NWME: There has been a steep decline in server sales in the first two quarters. Do you see a turn around now?

We saw the market bottoming out in North America earlier this year and the market stabilising around this region. Now, the momentum is building again, especially for us.

NWME: But users are not buying new servers, are they?

There was clearly a slowdown in terms of refreshes and budgets for new projects were halted. Now, what we have seen at the beginning of Q3 was that refreshes have started to happen again, and it’s a big part of our business. Every crisis creates an opportunity. The decision criteria for customers have also changed in this economy. They want a faster RoI; it’s now 12 months, which used to be 2-3 years earlier. So they are actually buying new servers if it can help them reduce opex, capex and make them ready for growth.

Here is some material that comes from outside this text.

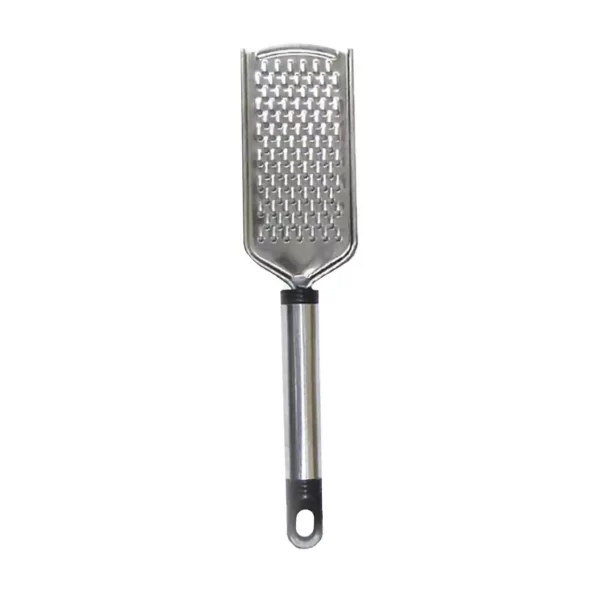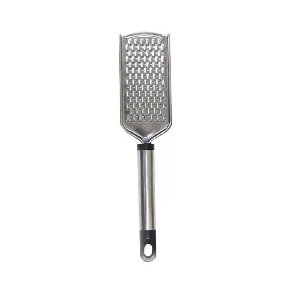 Razatoarea de parmezan cu coada este fabricata in intregime din otel inoxidabil, are o singura fata de raziut, dreapta, cu forma dreptunghiulara. Coada ce serveste ca maner este ergonomica, placut la atingere si confera fermitate in apucare si o manevrare foarte buna in timpul razuirii. Tipul acesta de razatoare parmezan este excelenta pentru toate branzeturile tari, pentru miezul de nuca de cocos, ciocolata sau alte produse alimentare solide. Fata de raziuit este prelucrata cu mici denivelari cu terminatii in forma de stea, ce vor asigura o razuire subtire la fiecare utilizare. Razatoarea pentru parmezan nu rugineste si se poate curata usor la mana sau in masina de spalat vase.

NWME: How about blade systems? Do users prefer to buy tower ones because blades cost more?

Blade server market is relatively growing better, because its optimized for virtualization. But I do agree that some customers do go in for rack and tower environments because they don’t want to spend on converged infrastructure in an enclosure.

NWME: Is power and cooling really top-of-the-mind for customers?

If you look at data centres today, compute spend has decreased, storage and networking costs have stabilized, but energy cost is a big concern. If you look at the next wave, data centre capacity is an issue because racks are often half full at C-level customers. Any surge in workload means a surge in power consumption. What we have done is to cap the power supply to the CPU. It’s done in the hardware, so it’s not a problem even if software crashes. This enable our customers to build out data centres and fill those racks without having to worry about energy costs. We have stepped up our innovation not just around power and cooling. We are also doing a lot around management, automation and virtualization that can dramatically reduce costs.